文:高木さんご 絵:黒井健 出版:講談社
満ちたり欠けたりするおつきさんの不思議。
でも、もしかしたら満ちても欠けてもいず、
黒い帽子を被っているだけかもしれません。
あらすじ
丘の上に一軒の帽子屋がありました。
帽子屋のおじいさんの作る帽子は、美しく、型崩れしない、丈夫な帽子です。
まん丸なおつきさんは、空の上から帽子を買いに来る客の様子を見ていました。
ある夜は魔女が。
ある時は海賊の船長が。
またある時は手品師が。
おじいさんの店に帽子を買いに来ていました。
おつきさんはおじいさんの作る帽子が欲しくなりました。
ある日、おつきさんはおじいさんに声をかけ、魔女の帽子を作って欲しいと頼みました。
おじいさんは何日もかけて帽子を作り、家よりも大きな魔女の帽子が出来ました。
おつきさんは魔女の帽子を被ると、魔女たちのいる森に行きました。
魔女たちは、ぐるぐるとおつきさんの周りを飛び回りました。
しばらく経つと、おつきさんは別の帽子も欲しくなりました。
そこで今度はおじいさんに海賊帽を頼みました。
おつきさんは出来た海賊帽をかぶると、海賊のいる海に行きました。
そして、海賊たちが宝を隠すところをじっと見ていました。
次におつきさんはおじいさんにシルクハットを頼みました・・・。
『おつきさんのぼうし』の素敵なところ
- 帽子で表現された月の満ち欠け
- とても大きな帽子を作り上げるおじいさん
- 温かく優しい絵と世界観
この絵本のとても素敵なところは、月の満ち欠けを帽子で表現する発想だと思います。
満ち欠けしているのではなく、「黒い空に黒い帽子を被っているから頭が見えないだけ」という発想は夢があり、子どもにもとてもわかりやすいです。

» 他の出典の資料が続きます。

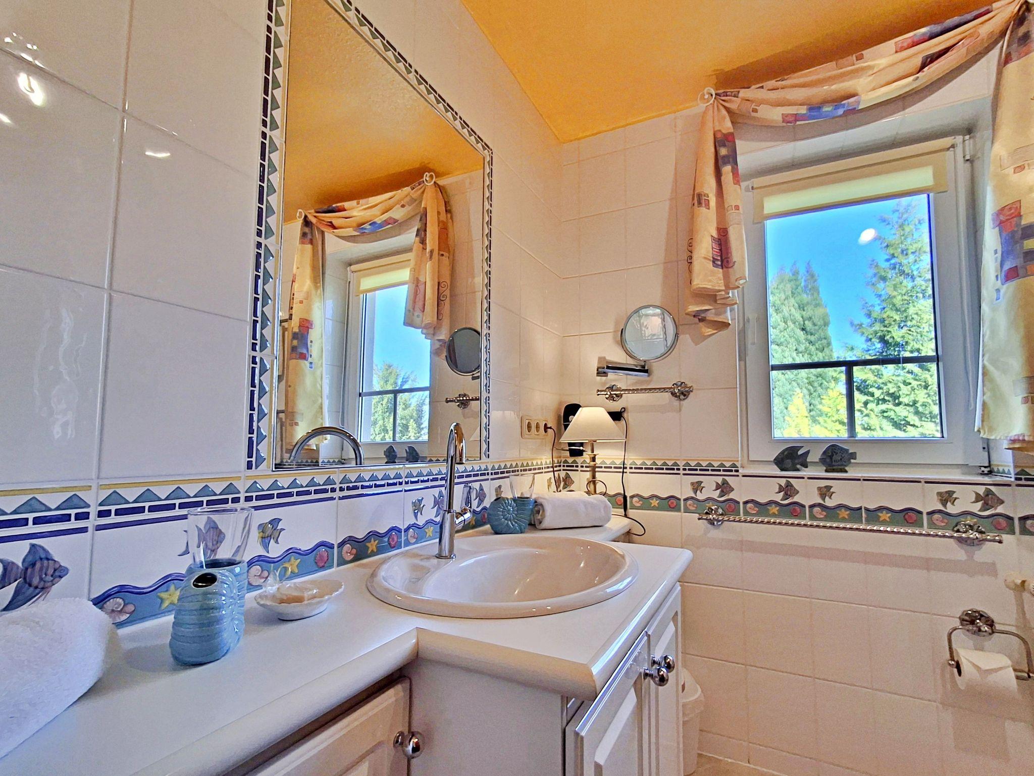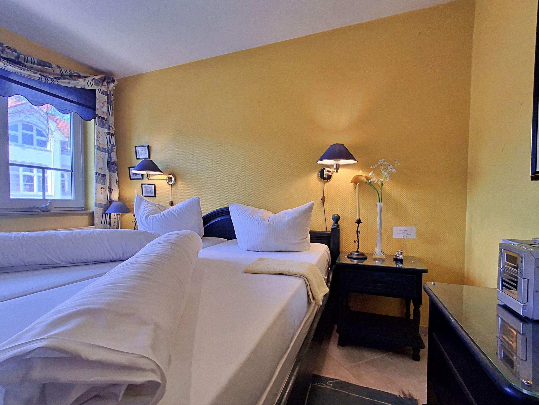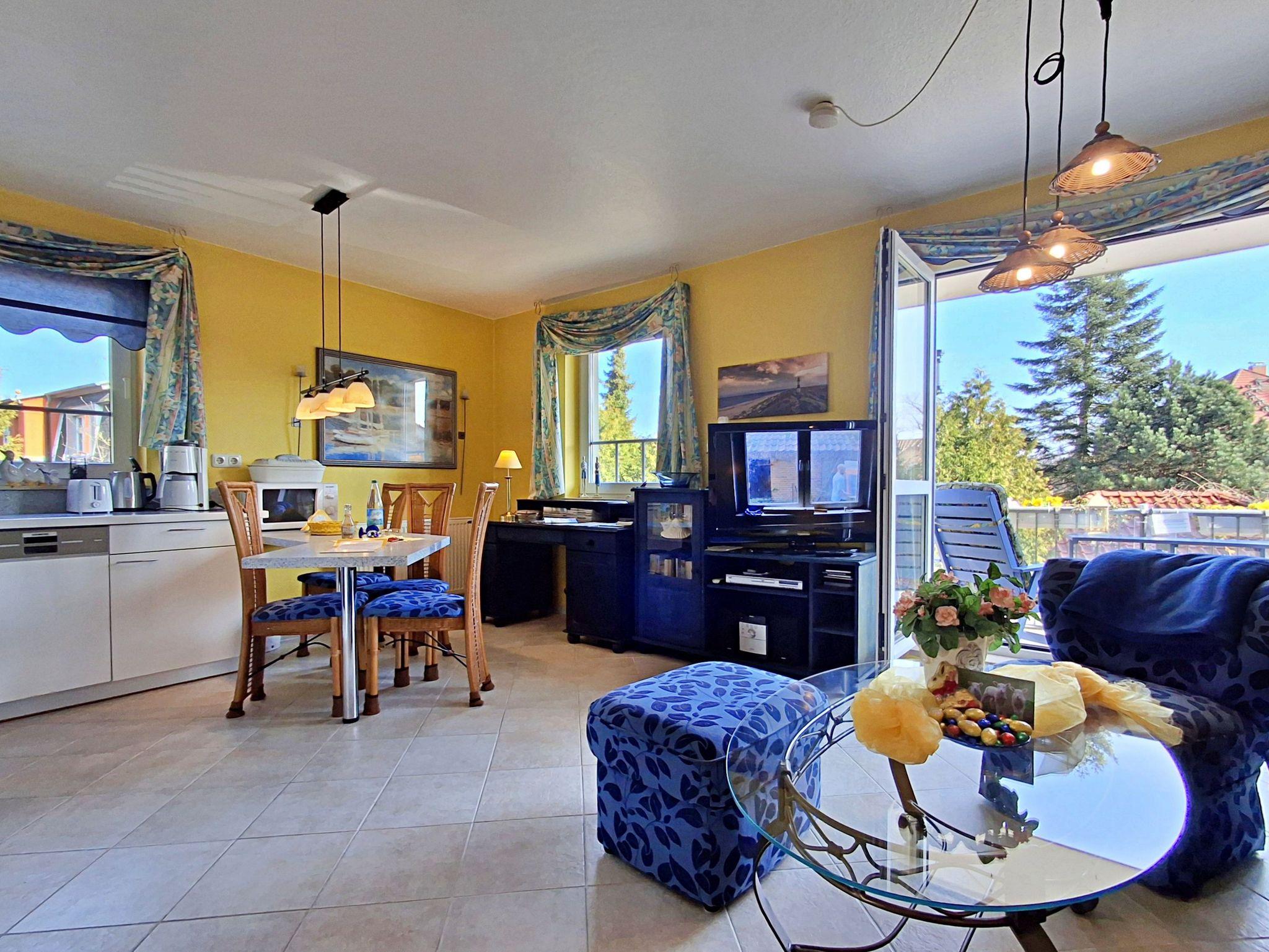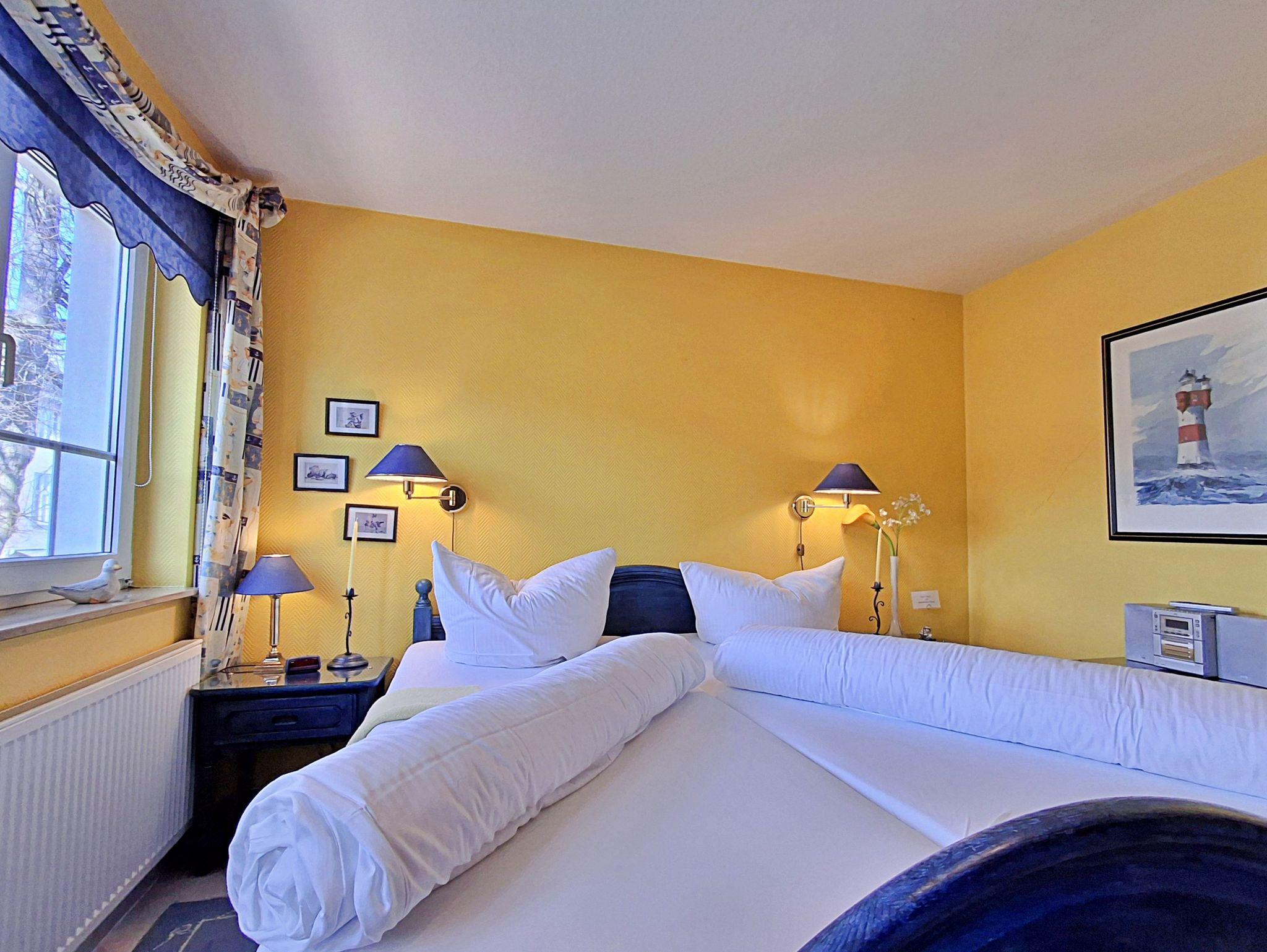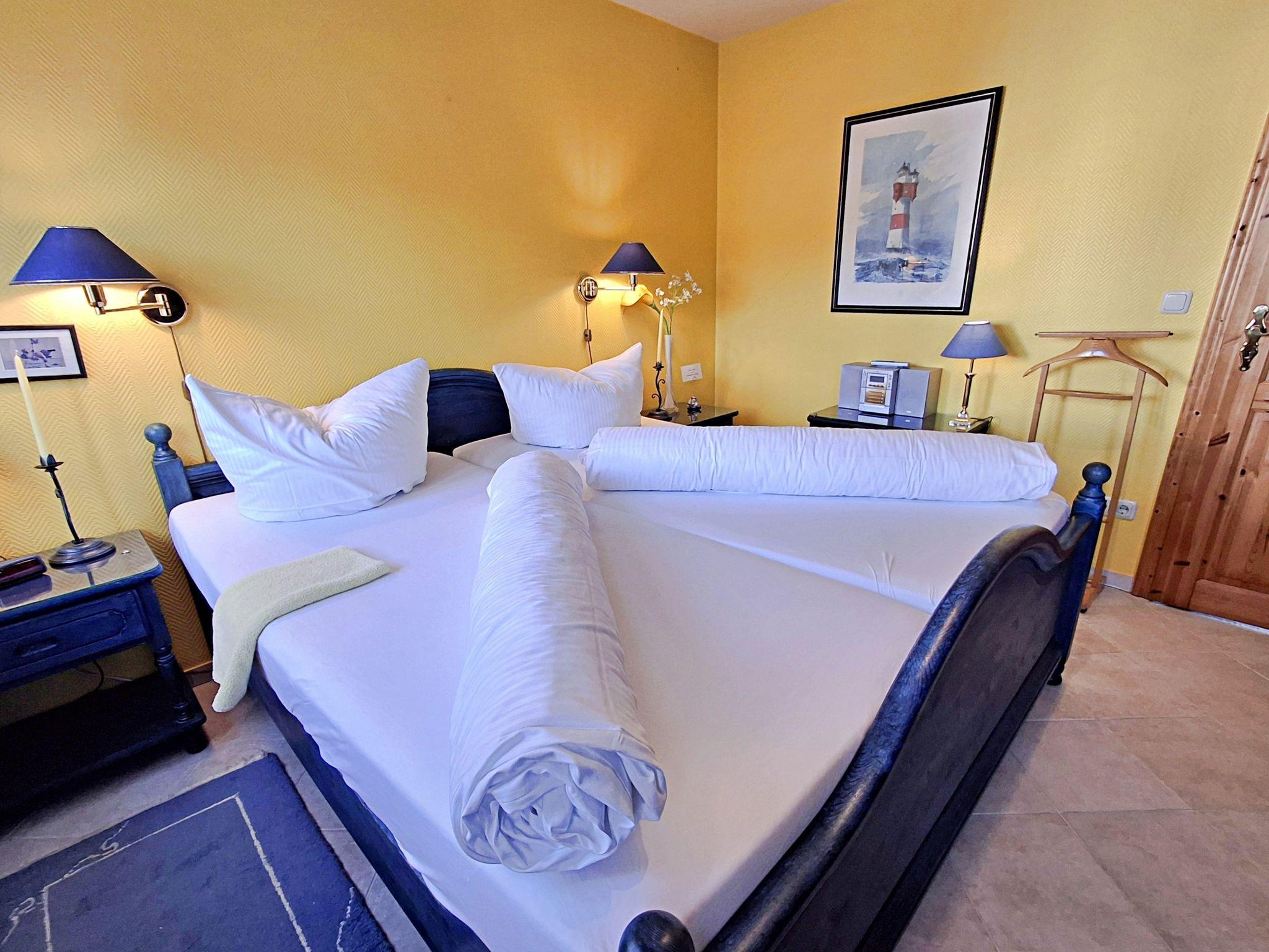Moderne und komfortable 2-Raum-Ferienwohnung im 1. Obergeschoss (ca. 48 qm) mit sonnigem Balkon zur Ostseite - ideal für einen entspannten Aufenthalt. Alle Räume sind harmonisch in den Farben Blau, Weiß und Gelb gestaltet und schaffen eine freundliche Wohlfühlatmosphäre. Der helle Wohnbereich ist mit einer gepolsterten Doppelbettcouch, bequemen Sesseln, einem Schreibtisch, Kommoden, Schrank und Glastisch ausgestattet. Hier stehen Kabel-TV, Radio mit CD-Player sowie ein Telefon (gebührenpflichtig) zur Verfügung. Die offene Küche ist voll ausgestattet und lässt keine Wünsche offen: Geschirrspüler, Cerankochfeld, Backofen, Mikrowelle, Kaffeemaschine, Espressomaschine, Wasserkocher, Toaster sowie ausreichend Geschirr stehen für Sie bereit. Das gemütliche Schlafzimmer mit Doppelbett, Nachttischen, großem Kleiderschrank, praktischen Ablagemöglichkeiten und einem Sessel sorgt für zusätzlichen Komfort. Das Tageslicht-Badezimmer bietet Dusche/WC, Haartrockner sowie zusätzliche Ablagemöglichkeiten.

特に新月の時は、より一層おつきさんの可愛さに愛着が湧くでしょう。
また、月の形によって、絵本に出てこない帽子が想像できるのも素敵なところ。
細くなっている時は「ヘルメットをかぶってるのかも」といったように、さらなるイメージが広がります。
そんなおつきさんの帽子ですが、もちろん作るのも一筋縄ではいきません。
家の外で一生懸命作るおじいさん。
その作る様子は圧巻です。
魔女の帽子は鉄塔のような梯子を使い仕上げていきます。
海賊の帽子は立てられないので、家より大きな木によりかからせて作業します。
こんな風に、まるで家を作る大工のような作業風景になっているのです。
これには子どもたちも、
「家より大きいよ!」
「出来て来てる!」
「おじいさん大丈夫かな・・・」
と、驚きや心配の声が。
でも、完成すると「本当に出来たよ!すごい!」と感動の声。
おつきさんの帽子を作る大変さが、しっかり伝わっているみたいです。
さて、この絵本はとても温かく優しく描かれているのも素敵なところだと思います。
まず、おつきさんの柔らかい光で包まれているような絵です。
ずっと夜のこの絵本ですが、いつもおつきさんが照らしてくれているので、柔らかな光に包まれ安心感があります。
そこに出てくる魔女や、海賊も丸みがあり、かわいらしく愛着が持てるものになっているのです。
また、みんな生き生きと楽しそうに生きているのも、この世界を魅力的にしてくれているポイントだと思います。
その中でも、おじいさんとおつきさんのやり取りは特に素敵です。
おつきさんの帽子を作るという、前代未聞の大仕事。
これを引き受ける理由は「暗い夜を明るく照らしてくれるから」というもの。
当たり前に思えることに感謝を忘れない、おじいさんの人柄と、その優しい世界観が素敵なのです。
温かく、優しく、柔らかく描かれる世界の中。
おつきさんが帽子を付け替えているという、新しいイメージの世界を開いてくれる夢の詰まった絵本です。